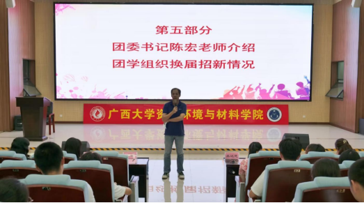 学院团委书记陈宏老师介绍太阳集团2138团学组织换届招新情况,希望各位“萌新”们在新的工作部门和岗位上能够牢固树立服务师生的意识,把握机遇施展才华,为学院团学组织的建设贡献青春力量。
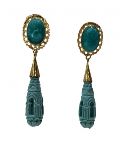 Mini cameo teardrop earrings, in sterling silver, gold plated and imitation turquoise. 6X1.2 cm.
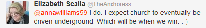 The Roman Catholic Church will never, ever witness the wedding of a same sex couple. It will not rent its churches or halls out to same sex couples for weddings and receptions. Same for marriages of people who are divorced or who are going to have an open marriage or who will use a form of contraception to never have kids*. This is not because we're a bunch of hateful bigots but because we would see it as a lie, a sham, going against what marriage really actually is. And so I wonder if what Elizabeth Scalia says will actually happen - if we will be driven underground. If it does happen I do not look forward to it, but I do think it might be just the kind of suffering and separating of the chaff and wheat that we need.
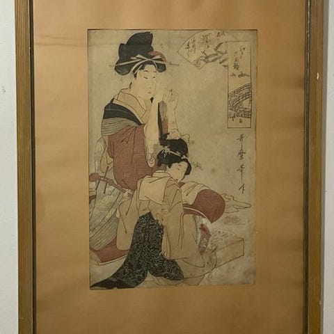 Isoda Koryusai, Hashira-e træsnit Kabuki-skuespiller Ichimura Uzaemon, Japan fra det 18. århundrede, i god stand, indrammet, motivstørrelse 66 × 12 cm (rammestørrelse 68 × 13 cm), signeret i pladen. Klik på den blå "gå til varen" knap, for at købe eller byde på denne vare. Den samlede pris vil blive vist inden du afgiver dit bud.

Exercise prompt - Every line of the listing must be reproduced exactly, though the pictures are to be left out.

Final answer -
 学院团委书记陈宏老师介绍太阳集团2138团学组织换届招新情况,希望各位“萌新”们在新的工作部门和岗位上能够牢固树立服务师生的意识,把握机遇施展才华,为学院团学组织的建设贡献青春力量。
 Mini cameo teardrop earrings, in sterling silver, gold plated and imitation turquoise. 6X1.2 cm.
 The Roman Catholic Church will never, ever witness the wedding of a same sex couple. It will not rent its churches or halls out to same sex couples for weddings and receptions. Same for marriages of people who are divorced or who are going to have an open marriage or who will use a form of contraception to never have kids*. This is not because we're a bunch of hateful bigots but because we would see it as a lie, a sham, going against what marriage really actually is. And so I wonder if what Elizabeth Scalia says will actually happen - if we will be driven underground. If it does happen I do not look forward to it, but I do think it might be just the kind of suffering and separating of the chaff and wheat that we need.
 Isoda Koryusai, Hashira-e træsnit Kabuki-skuespiller Ichimura Uzaemon, Japan fra det 18. århundrede, i god stand, indrammet, motivstørrelse 66 × 12 cm (rammestørrelse 68 × 13 cm), signeret i pladen. Klik på den blå "gå til varen" knap, for at købe eller byde på denne vare. Den samlede pris vil blive vist inden du afgiver dit bud.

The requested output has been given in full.